### [About this exercise]
From the entries below, retype only the lines from the one with "ZARA blue and" through the one with "高さが150mmのデコレーシ", exactly as written.

### [Dataset records]

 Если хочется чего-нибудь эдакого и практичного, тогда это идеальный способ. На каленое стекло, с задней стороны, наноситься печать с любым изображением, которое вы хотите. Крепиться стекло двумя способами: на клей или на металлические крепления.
==
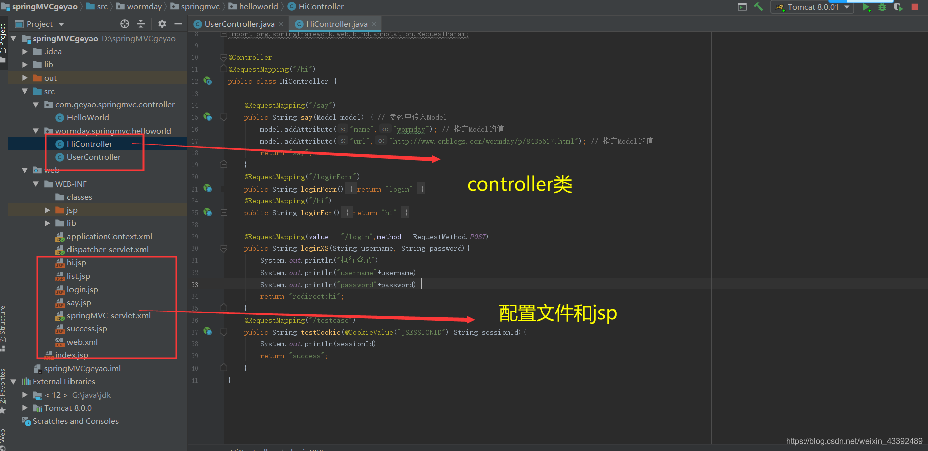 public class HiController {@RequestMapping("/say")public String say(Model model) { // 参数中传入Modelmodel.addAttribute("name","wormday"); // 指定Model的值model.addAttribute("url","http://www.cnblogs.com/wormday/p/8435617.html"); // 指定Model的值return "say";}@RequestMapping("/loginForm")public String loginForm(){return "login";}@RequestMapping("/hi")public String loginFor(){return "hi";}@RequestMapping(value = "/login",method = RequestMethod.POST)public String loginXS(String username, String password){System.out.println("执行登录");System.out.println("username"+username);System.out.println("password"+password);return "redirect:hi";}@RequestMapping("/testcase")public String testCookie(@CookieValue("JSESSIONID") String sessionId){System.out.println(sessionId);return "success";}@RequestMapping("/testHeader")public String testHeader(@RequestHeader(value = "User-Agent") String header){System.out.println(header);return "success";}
...
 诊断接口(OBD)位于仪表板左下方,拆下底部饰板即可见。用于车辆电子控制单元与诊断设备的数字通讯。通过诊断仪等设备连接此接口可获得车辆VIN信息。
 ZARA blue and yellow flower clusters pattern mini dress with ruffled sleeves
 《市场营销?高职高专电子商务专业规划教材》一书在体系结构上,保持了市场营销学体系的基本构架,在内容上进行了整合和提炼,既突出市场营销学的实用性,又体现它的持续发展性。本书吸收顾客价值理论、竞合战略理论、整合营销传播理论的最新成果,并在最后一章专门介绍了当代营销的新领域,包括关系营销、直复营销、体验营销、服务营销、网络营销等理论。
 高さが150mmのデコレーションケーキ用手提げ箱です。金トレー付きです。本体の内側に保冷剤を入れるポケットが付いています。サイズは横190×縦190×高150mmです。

### [Solution]
 ZARA blue and yellow flower clusters pattern mini dress with ruffled sleeves
 《市场营销?高职高专电子商务专业规划教材》一书在体系结构上,保持了市场营销学体系的基本构架,在内容上进行了整合和提炼,既突出市场营销学的实用性,又体现它的持续发展性。本书吸收顾客价值理论、竞合战略理论、整合营销传播理论的最新成果,并在最后一章专门介绍了当代营销的新领域,包括关系营销、直复营销、体验营销、服务营销、网络营销等理论。
 高さが150mmのデコレーションケーキ用手提げ箱です。金トレー付きです。本体の内側に保冷剤を入れるポケットが付いています。サイズは横190×縦190×高150mmです。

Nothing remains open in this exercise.